Convergence Series: Partial Fractions Homework

[utopiaNow]

Homework Statement

Use partial fractions to show
\displaystyle\sum_{n=1}^\infty \frac{1}{n(n+1)(n+2)} = \frac{1}{4}

The Attempt at a Solution

I did the partial fraction decomposition to get: \displaystyle\sum_{n=1}^\infty \frac{1}{2n} - \frac{1}{n + 1} + \frac{1}{2n + 4}

I'm not sure how to proceed from here, in my textbook the example shows how terms in the partials sums overlap and cancel out if you start looking at the terms in the partial fraction decomposition, however I can't see that happening with this particular series.

Any suggestions would be appreciated. Thanks in advance.

 

[rock.freak667]

Write out a few term, n=1,2,3,4,5...N-3,N-2,N-1,N

then check as N->inf.

 

[utopiaNow]

Write out a few term, n=1,2,3,4,5...N-3,N-2,N-1,N

then check as N->inf.

Hi,

I tried doing that originally, but I don't see any patterns that I can exploit when I write the terms of the partial decomposition for n = 1, 2, 3,..., N-2, N-1, N as you stated.

Do you have any further suggestions?

 

[Dick]

Write the terms for successive values of n each on a row 1/(2n+4) -1/(n+1) 1/(2n)
1/6 -1/2 1/2
1/8 -1/3 1/4
1/10 -1/4 1/6
1/12 -1/5 1/8
1/14 -1/6 1/10

Oblique hint: diagonal.

 

[utopiaNow]

Write the terms for successive values of n each on a row 1/(2n+4) -1/(n+1) 1/(2n)
1/6 -1/2 1/2
1/8 -1/3 1/4
1/10 -1/4 1/6
1/12 -1/5 1/8
1/14 -1/6 1/10

Oblique hint: diagonal.

Interesting, so everything seems to be canceling out if you keep going long enough diagonally, except the 1/4 in the second row. However is there any way to formalize this? Or is simply noticing this pattern enough for a formal proof?

 

[Dick]

Depends on how formal you want to be. Writing a table like that and scratching out the cancellations is good for me. If you want to do it formally write out the first term from the n case, the second term from the n+1 case and the third term from the n+2 case and show they cancel algebraically. What is important is to realize just because there isn't an obvious cancellation doesn't mean there isn't one.

 

[utopiaNow]

Depends on how formal you want to be. Writing a table like that and scratching out the cancellations is good for me. If you want to do it formally write out the first term from the n case, the second term from the n+1 case and the third term from the n+2 case and show they cancel algebraically. What is important is to realize just because there isn't an obvious cancellation doesn't mean there isn't one.

Thank you for the help!

 

[txy]

why not take out 1/2 from the partial fraction decomposition so that it's more obvious?

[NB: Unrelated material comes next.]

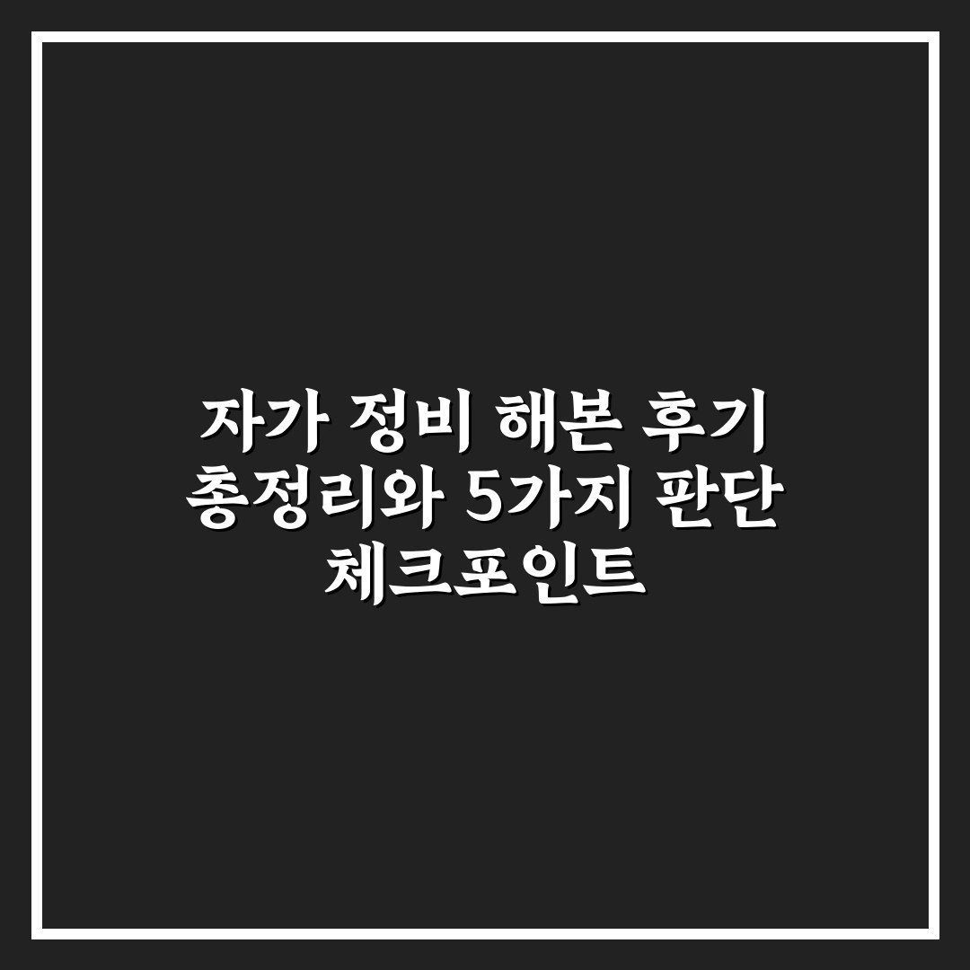 자가 정비 해본 후기를 통해 실용적인 경험과 함께 꼭 확인해야 할 5가지 판단 체크포인트를 한눈에 확인할 수 있습니다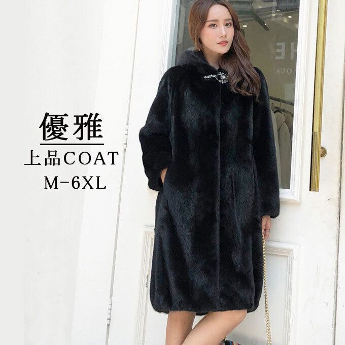 ファーコート レディース 毛皮コート ミンク レディースファー フェイクファー ロッグコート 大きいサイズ きれいめ フード付き アウター 優雅 上品アウター おしゃれ 暖かい 防寒 冬服 秋服 新作 送料無料

\sum^{+\infty}_{n=1}(\frac{1}{2n}-\frac{1}{n+1}+\frac{1}{2n+4})
= \frac{1}{2}\sum^{+\infty}_{n=1}(\frac{1}{n}-\frac{2}{n+1}+\frac{1}{n+2})
= \frac{1}{2}\sum^{+\infty}_{n=1}(\frac{1}{n}-\frac{1}{n+1}+\frac{1}{n+2}-\frac{1}{n+1})
= \frac{1}{2}\sum^{+\infty}_{n=1}(\frac{1}{n}-\frac{1}{n+1}) + \frac{1}{2}\sum^{+\infty}_{n=1}(\frac{1}{n+2}-\frac{1}{n+1})<br />

 

[Dick]

That's a nice way to handle it. There's more than one way to skin a cat.